Re: [RSP CG] Interval streams?

Hi Avi!

Thank you for the quick feedback! The example of periodic averages does nicely exemplify a case, where a result is tied to a historical interval. I agree it is a valid case for streaming information with intervals.

I do, however, have some other observations on the mentioned cases:

1) If the average is computed every 10 minutes over 10 minutes, it is actually pretty redundant to send that interval with every measurement. For this case it would be nice to have a way of stating that for the entire stream without sending it with every sample. (However, here I already have my own counter-example: We may want to calculate the averages more densely, when approaching a limit => flexible window-size => easier to send with each sample.)

2) Closing the gate due to overloading based on past averages is actually exactly the thing we shouldn't do. Depending on the rate of increase we might be well past the actual limit before we observe that the average went over. For this case I would definitely observe directly the people entering and exiting and toggle gate open/closed based on the instantaneous number of people inside.

Anyway, I agree that there are cases where we want to indicate time intervals in a stream.
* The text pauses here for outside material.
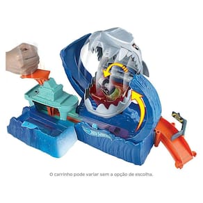 A Hot Wheels City está sendo atacada por um enorme tubarão robótico! As crianças vão querer descobrir se são rápidas o suficiente para atravessar a onda sem serem comidas! As crianças começam sua jornada heróica mergulhando o carro na primeira câmara de água fria, depois levantam a alavanca para carregar o carro no lançador e se preparam para correr pela onda. A boca do tubarão se abre e, se o golpe falhar, as crianças caem na barriga dele! Uh-oh, almoço de tubarão. Quando na barriga do gigante Tuburão Robô, o carro muda da cor magicamente! Redefina o tubarão fechando a boca e tente novamente. As crianças podem carregar no lançador e aumentar o máximo possível para obter velocidade suficiente para escapar das mandíbulas do tubarão, atravessá-lo e garantir a segurança do calçadão. Conecta-se a outros conjuntos Hot Wheels vendidos separadamente para infinitas possibilidades.

If not as durations of facts initiated by events, then as historical observation periods used to derive data.

Point taken!

Mikko





On 26. Sep 2013, at 10:06 AM, Abraham Bernstein wrote:

Hi Rinne, all

I think that there are many scenarios in which one would want to stream valid facts. Tom here at UZH can give a number of examples but let me just offer one possible case.

Assume that you have a set of sensory observations (eg the number of people entering and leaving the cafeteria) and your streaming system may want to compute the average number of people in the cafeteria for every 10 minute interval. Obviously, this task could be easily accomplished without intervals at the input side but the output side is actually a temporally valid fact. So far I am in total agreement with your example.

It is easy imaginable, that you would want that output streamed to a second component of a system that takes decisions based in the input. For example, if the number of people in the cafeteria goes above a certain number then the entrance must be closed (sorry for the somewhat simplistic example, but I am just sitting in a university cafeteria...).  Obviously, this system processes as an input an interval delimited fact.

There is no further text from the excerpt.